A third subtle issue is that the assistant reads only specific portions of FINDINGS.md (lines 200+). It had read lines 1-199 in [msg 190]. But the file is long (over 500 lines), and the assistant may be missing critical information in the middle sections — such as specific error messages, workarounds, or configuration nuances that are directly relevant to the GLM-5 deployment.
The Thinking Process Visible in the Message
While message [msg 191] itself contains no explicit reasoning text — it is purely a tool call output — the thinking process is visible in its structure and timing. The assistant chose to read two specific files in parallel: the continuation of FINDINGS.md and the Kimi K2-Thinking config. This reveals a deliberate strategy:
- Read the findings document to understand what problems were encountered and solved on this hardware.

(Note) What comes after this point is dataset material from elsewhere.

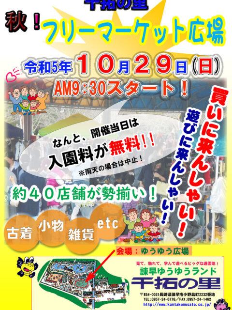 2023年9月10日 / 最終更新日時 : 2023年10月31日 干拓の里 イベント 秋のフリーマーケット広場!出店者募集(10/29)※終了 秋のフリーマーケット広場の出店者募集中!!終了 ●ゆうゆう広場で開催! ●募集枠数は、大型テント内の40枠です。 ■開催日:令和5年10月29日(日)※雨天中止 ■時 間:AM9:30~PM3:00 ※干拓の里はPM5: […]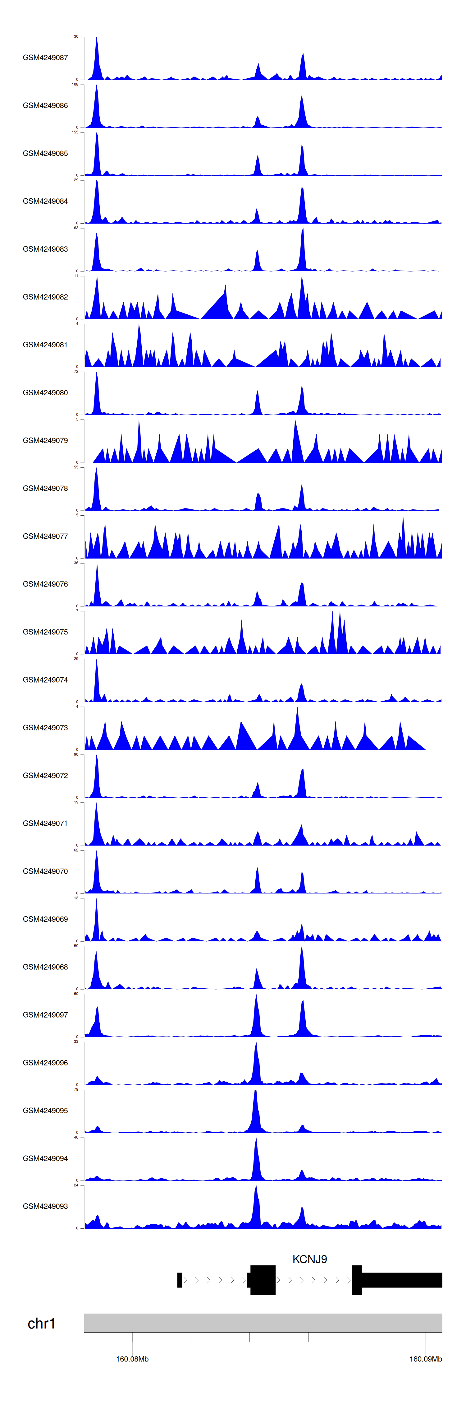 > Dataset: GSE143026 - KCNJ9 peak across samples

- Read a successful model configuration to use as a reference template. The parallel execution (both reads happen simultaneously) shows that the assistant considers these independent pieces of information that can be fetched concurrently. The assistant is not waiting to see what FINDINGS.md says before deciding to read the config — it already knows both will be valuable. The subsequent message ([msg 193]) confirms this thinking. The assistant immediately synthesizes the findings into actionable insights: the NaN issue is not the SM120 bug, the DeepGemm warning is the likely culprit, and the previous successful deployment used
--disable-cuda-graph. This synthesis is the real output of message [msg 191] — the raw data is just the input to the reasoning process.
Conclusion
Message [msg 191] is a turning point in the debugging session. It represents the shift from random exploration to informed investigation, from guessing configuration flags to studying documented solutions. The assistant recognized that the trial-and-error approach was not converging and that the local research repository contained institutional knowledge that could shortcut the debugging process. While the DeepGemm hypothesis would ultimately prove insufficient to fully resolve the NaN crash, the act of consulting prior art was strategically sound. In complex ML deployment scenarios where the interaction surface between model architecture, GPU architecture, and serving framework creates emergent bugs, the most valuable resource is often not documentation or source code — it's the hard-won knowledge of what actually worked on the same hardware before.